In special and general education personnel preparation, multiple individuals are positioned to provide preservice teachers with feedback including course instructors, university supervisors, and cooperating teachers. However, the degree to which they provide effective feedback is unknown. There are, however, some vehicles for providing feedback that have been shown to promote teacher performance.
Peer coaching. Peer coaching is the pairing of preservice teachers so they can provide feedback to one another to improve their instruction and reflective capabilities. Lu (2010) reviewed studies of peer coaching since 1997 and found it can improve preservice teachers' (a) reflective capabilities, (b) instructional skills, and (c) professionalism, while also serving as a mechanism to provide affective support. Lu, however, noted several challenges associated with implementing peer coaching like scheduling conflicts, the need for advanced planning and extensive programmatic support, and resolving issues that arise from preservice teachers who have inadequate knowledge and skills to serve as strong partners. In special education teacher education, peer coaching has preliminary evidence supporting its effectiveness for advancing preservice teacher knowledge and practices (Hasbrouck, 1997; Morgan, Menlove, Salzberg, & Hudson, 1994) and, in one case, also supporting students' comprehension (Mallette et al., 1999). In this study, the researchers used a multiple-baseline design to study the effects of teams of preservice teacher peer coaches who participated in an afterschool literacy tutoring program. The preservice teacher teams tutored elementary students with disabilities twice a week over an 8-week period. In addition to being trained to deliver literacy instruction, the teams were trained to provide feedback as peer coaches following each tutoring session. Results indicated the peer coaching increased preservice teachers' implementation of effective literacy instructional practices and was highly correlated with improved student comprehension as measured by oral fluency rates and comprehension scores.
Bug-in-ear and eCoaching. When special education preservice teachers receive immediate, positive, and corrective feedback on their performance via technology, it positively influences their attitudes and classroom performance (Rock et al., 2009; Scheeler, McAfee, Ruhl, & Lee, 2006). Technologyenhanced feedback and supervision, referred to as eCoaching (Dieker et al., 2014), is a promising way to deliver one-to-one feedback to preservice teachers without requiring supervisors to be physically present in the classroom. When paired with bug-in-ear, eCoaching can go one step further by providing real-time feedback.

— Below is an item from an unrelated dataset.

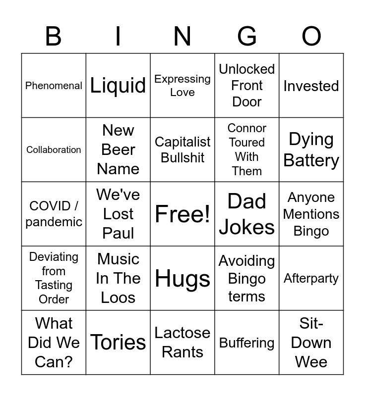 This bingo card has a free space and 44 words: Dope, Sit-Down Wee, You're On Mute, What Did We Can?, Bangin, Buffering, Expressing Love, Hop Selection, Invested, Tories, Unlocked Front Door, Dad Jokes, Hugs, Music In The Loos, Slurring, Lactose Rants, Paul Gets Burned, COVID / pandemic, Beer Festival, Dying Battery, Liquid, Beautiful Human Being, What's That Noise?, Phenomenal, Pal, Anyone Mentions Bingo, They're Late!, Echo, Avoiding Bingo terms, Deviating from Tasting Order, Technical Difficulties, Afterparty, Supermarket Beer, Phrasing, We've Lost Paul, Stay Hydrated, Paul Doesn't Take It Easy, Deep Answers, Capitalist Bullshit, Collaboration, Connor Toured With Them, Helen's Mother, New Beer Name and Paul Doesn't Know.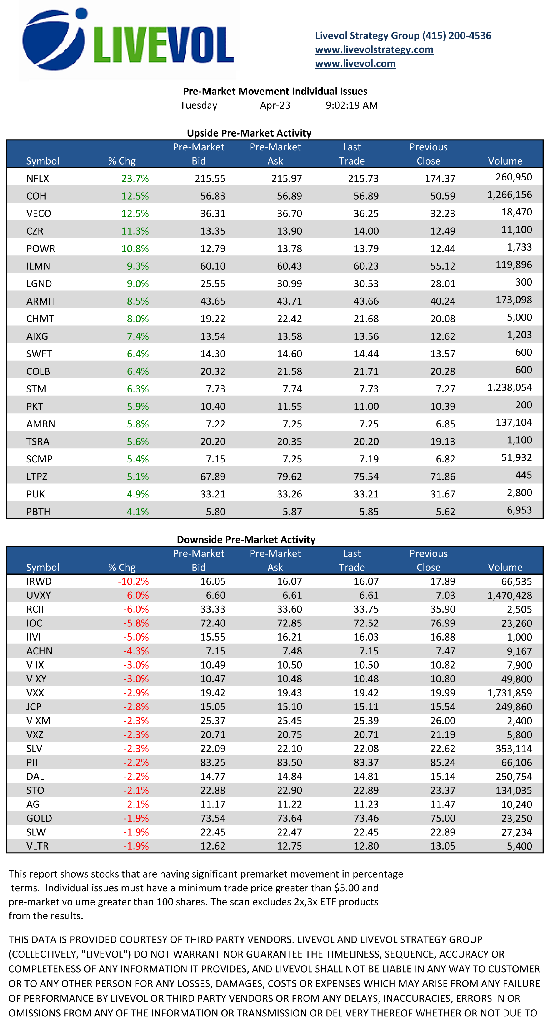 A snapshot of names active in the pre-market for Tuesday, April 23

In a recent example, Rock et al. (2014) conducted a 3-year, mixed-methods study of the effects of eCoaching with bug-in-ear on 14 presevice teachers' instructional behaviors, classroom climate, student engagement, and perceptions of the intervention. Findings based on univariate ANOVA repeated-measures analyses conducted for five dependent variables (low and high access instructional strategies, use of redirection, use of praise, and student engagement) indicated long-term statistically significant improvements from Year 1 to Year 3 for all variables except use of redirection. The effect sizes for the four significant variables were around .76. Qualitative analyses indicated the preservice teachers valued the feedback they received and felt it supported their learning and implementation of evidence-based practices.
Fostering collaboration and coordinated instruction. Teacher education researchers have used collaborative teaching field placements involving special and general education preservice teachers with the intent of fostering more collaborative instruction, however the degree to which these arrangements deliberately teach special and general education preservice teachers how to design coordinated instruction is less obvious (Brownell, Griffin, Leko, & Stephens, 2011). Lesson study, however, is one strategy that has potential for helping preservice SETs learn to coordinate tiered instruction with general education teachers. Lesson study is a collaborative, team-based approach to lesson planning, implementation, and analysis that includes peer support (Lewis, 2002). Traditionally, lesson study occurs through iterative cycles in which groups of teachers plan lessons, execute instruction, and then analyze the instruction (Takahasi & Yoshida, 2004). In most cases after the lesson planning is complete, one group member implements the lesson while the other group members observe. Following the lesson, the group reconvenes to debrief and reflect on the lesson's usefulness at promoting student learning (Lewis, 2002). Lesson study is a pedagogy that has potential to address multiple principles from the science on learning, especially when an expert facilitates the lesson study (e.g., teacher educator, inservice cooperative teacher, researcher). Lesson study provides a structure for teachers to engage in repeated practice of specific skills, receive feedback from an expert as well as peers, and self-analyze their instruction. Findings synthesized across several studies of general education preservice teachers support lesson study as a way to promote preservice teacher self-efficacy (Cohan & Honigsfeld, 2007) and reflection (Cohan & Honigsfeld, 2007; Ganesh & Matteson, 2010; Sims & Walsh, 2009), and its flexible and iterative nature make it particularly promising for crafting carefully scaffolded practice within preservice and inservice settings.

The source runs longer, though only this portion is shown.